Some bits of information matter more than others. This observation is simple, yet has major implications for both exploration and learning. In humans, and AI.
Take the simple example of trying to estimate a large number. If its a number in the hundreds, it only matters if you got the hundreds place right. And the hundreds place matters millions of times less as the number nears a billion.
And yet, we worry too much about the number of bits of information. This is too linear a view. When it comes to real-world uncertainty, the higher order bits matter exponentially more. A detailed history of Donald Trump’s favourite car make, that’s thousands of bits. Who cares? Is he the US President? Now that one bit can change the world.
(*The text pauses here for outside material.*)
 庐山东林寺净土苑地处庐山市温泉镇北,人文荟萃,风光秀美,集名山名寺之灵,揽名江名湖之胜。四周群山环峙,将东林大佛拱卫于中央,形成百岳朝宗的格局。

Implication for Making Decisions
For some time, I’ve been trying to use this principle to guide my research. In research, there are very many interesting questions—an endless list of phenomena yet to be explained. However, some questions are more important than others. These are the higher order bits. Given you, my reader, have finite time, these are the ones you should desperately prioritize. Don’t buy it from me? Take it from Richard Hamming. You and Your Research is perhaps the most important lecture a researcher can watch.
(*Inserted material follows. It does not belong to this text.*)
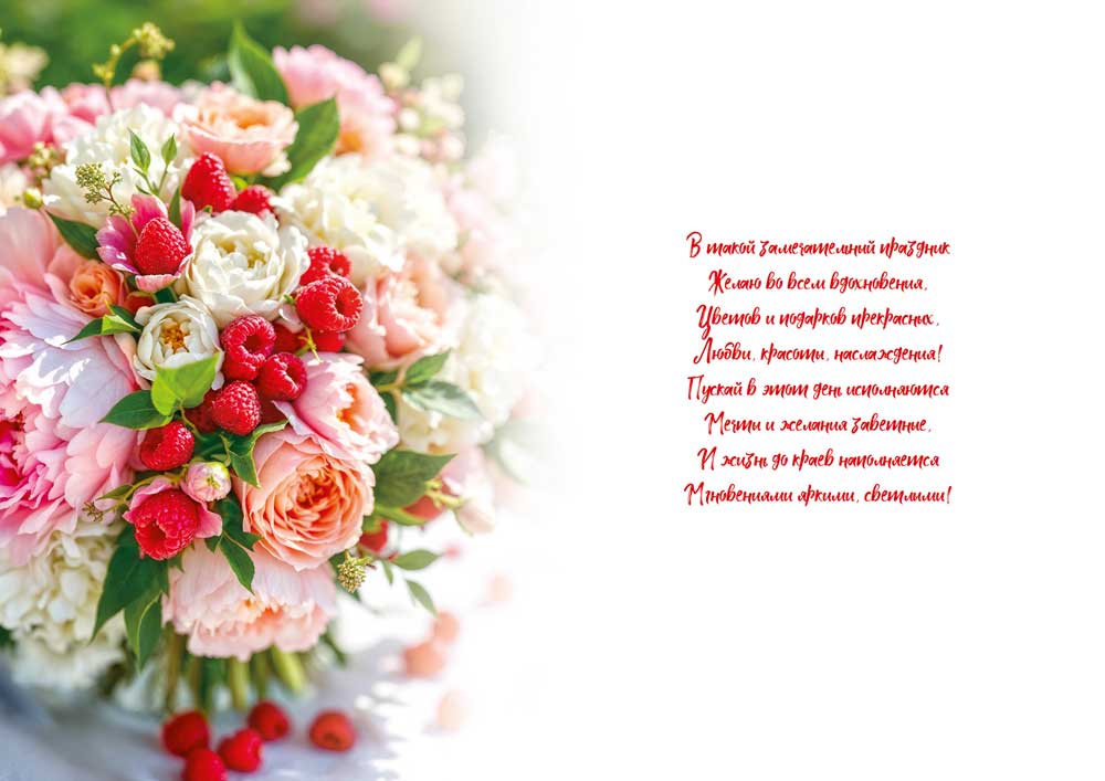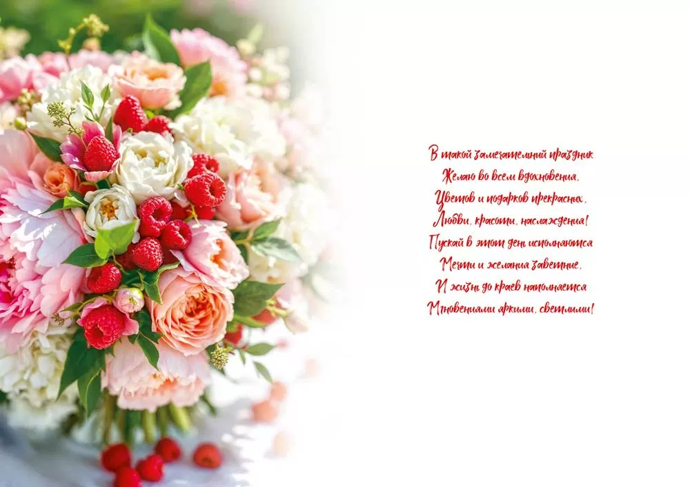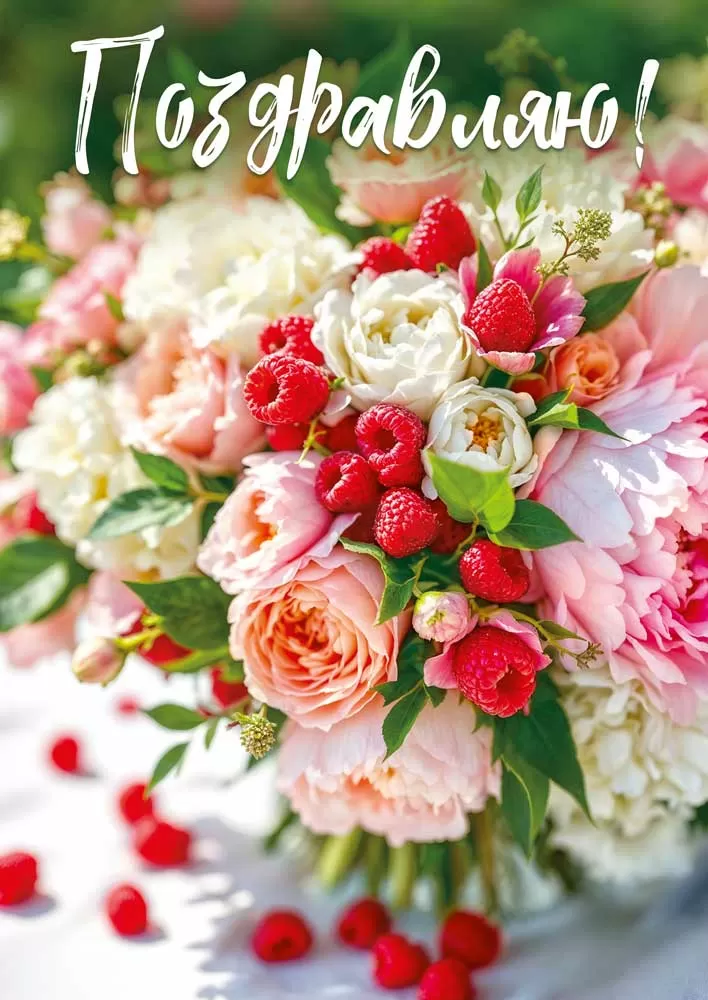Открытка «Поздравляю!» (букет с ягодами малины)

“If you do not work on an important problem, it’s unlikely you’ll do important work.”
In a funny coincidence, the “Hamming Distance” itself measures the opposite, which interestingly brings me to… AI.
Implication for AI
Consider Imitation vs Reinforcement Learning (RL)—perhaps the biggest question in AI right now. LLM RL learns from scalar rewards, a small number of bits of information in comparison to Supervised Finetuning (SFT), which imitates full sentences. On the surface, the latter is far more “information-dense”. Indeed, John Schulman’s excellent new blogpost shows we need to change a small number of bits in an LLM to achieve the huge improvements we’ve seen from RL. Why could this be? Does this mean RL is less important for LLM learning?
No. You see, SFT, in a way, minimizes the hamming distance to a reference answer. For SFT, each bit of difference matters equally. Potato, potahto? For SFT, it means the world. On the other hand, RL? It only cares about whether you succeeded or not, no matter how. That’s the highest order bit, the important one. The one that SFT would be willing to sacrifice to correctly imitate speling1.
And that my friends is the power of RL over imitation in the limit. It supervises the highest order bit, and saves you the cost of collecting the less important ones.
1 Of course, SFT is still important when you *do* care about all bits, such as when gathering “knowledge”. In that case, RL may be too inefficient. Contrary to what this post may have you believe, I am not an RL “Maximalist”.